◆ **What is being asked**:
Please set down only the lines below starting with the line with "釜の淵の傍に板垣退助先生の銅像が立つ。" and going on through the line with "ストレッチのきいた素材で作られたVネックベスト。", verbatim and without pictures.

START Source records

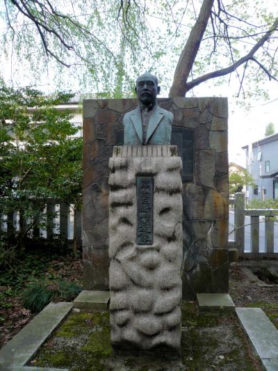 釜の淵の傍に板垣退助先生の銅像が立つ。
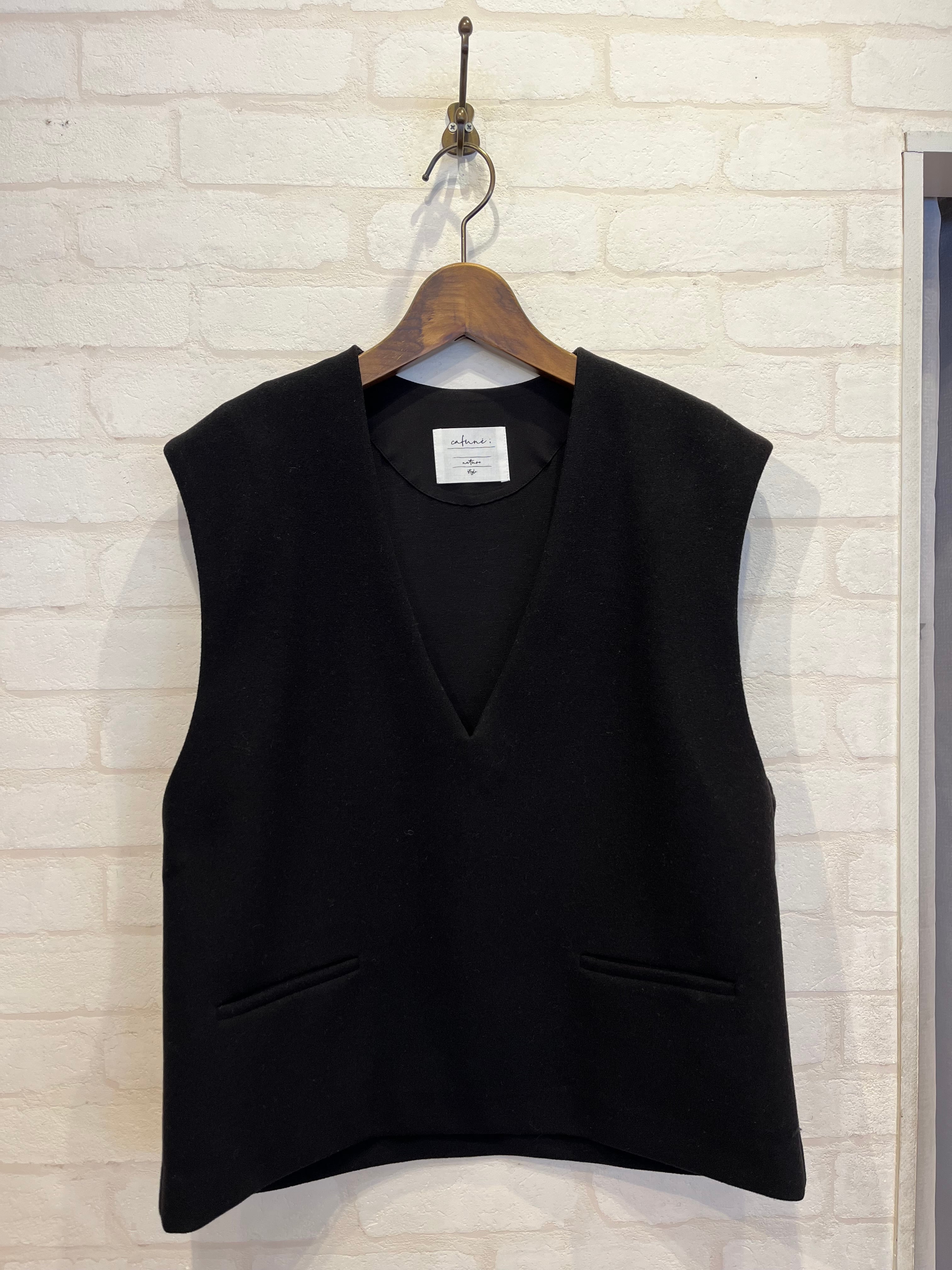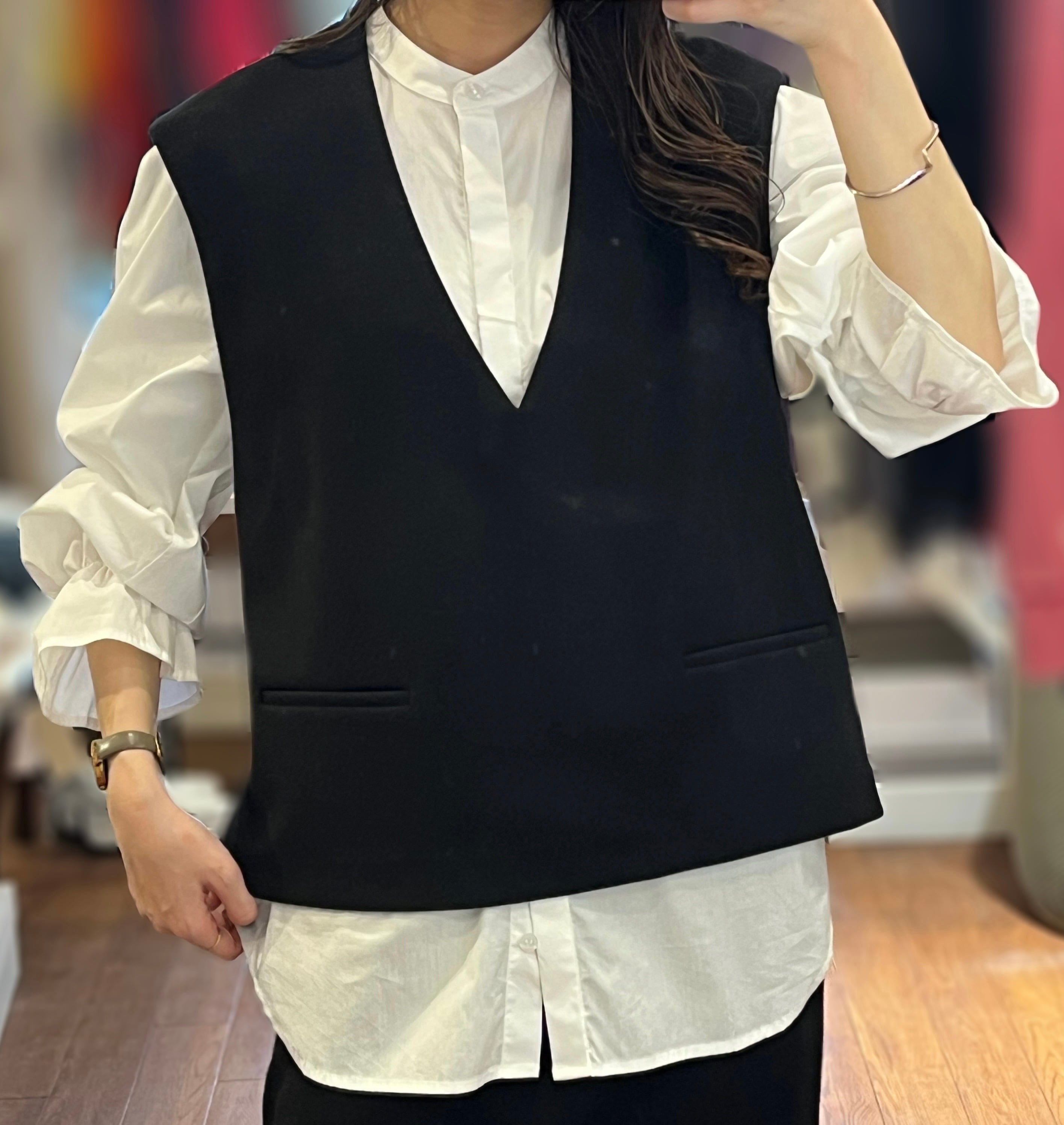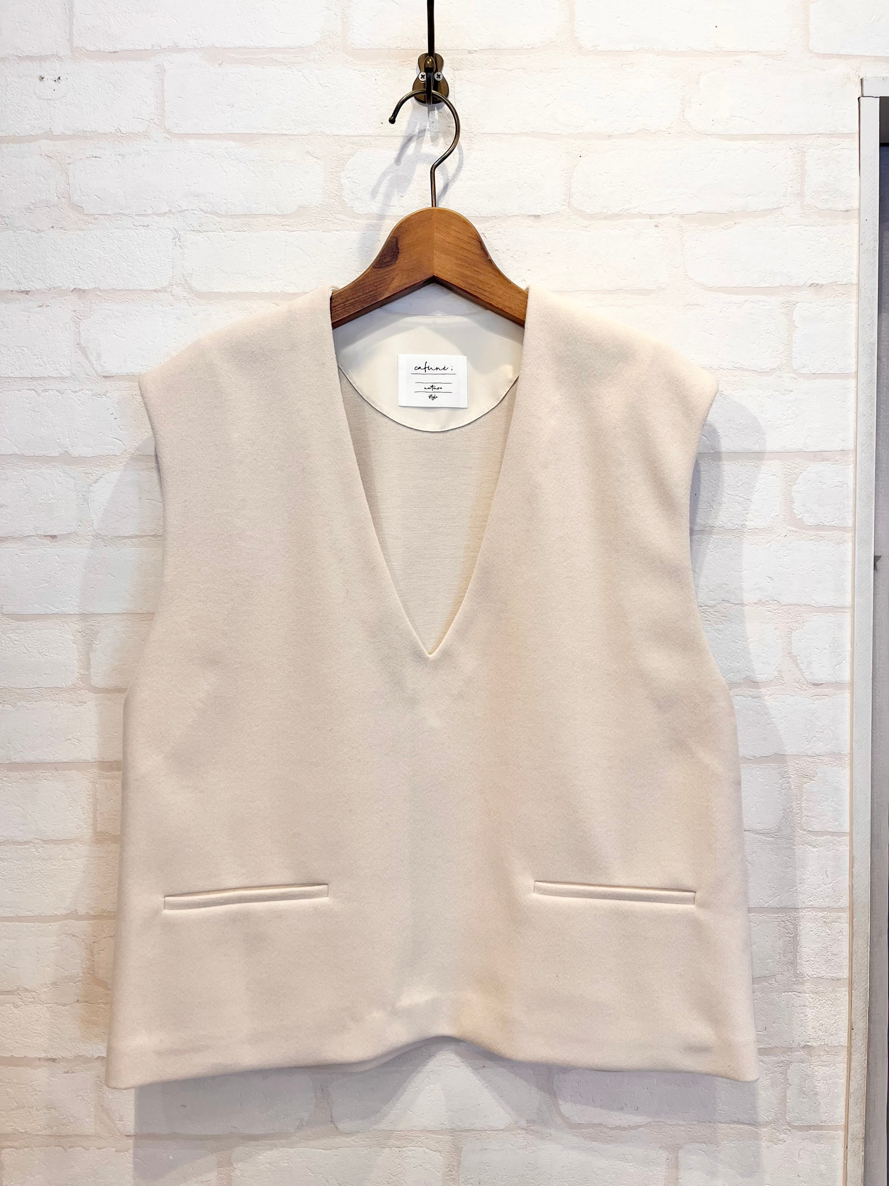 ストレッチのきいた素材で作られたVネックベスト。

END Source records
START Source records

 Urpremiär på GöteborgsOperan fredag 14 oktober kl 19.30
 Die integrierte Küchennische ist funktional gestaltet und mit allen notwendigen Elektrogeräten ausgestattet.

END Source records
START Source records

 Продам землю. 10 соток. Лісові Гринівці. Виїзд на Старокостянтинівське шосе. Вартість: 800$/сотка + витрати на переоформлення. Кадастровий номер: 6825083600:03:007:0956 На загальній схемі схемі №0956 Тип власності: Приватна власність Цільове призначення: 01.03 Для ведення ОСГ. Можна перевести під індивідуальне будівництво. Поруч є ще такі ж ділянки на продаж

END Source records

◆ **Answer box**:
 釜の淵の傍に板垣退助先生の銅像が立つ。
 ストレッチのきいた素材で作られたVネックベスト。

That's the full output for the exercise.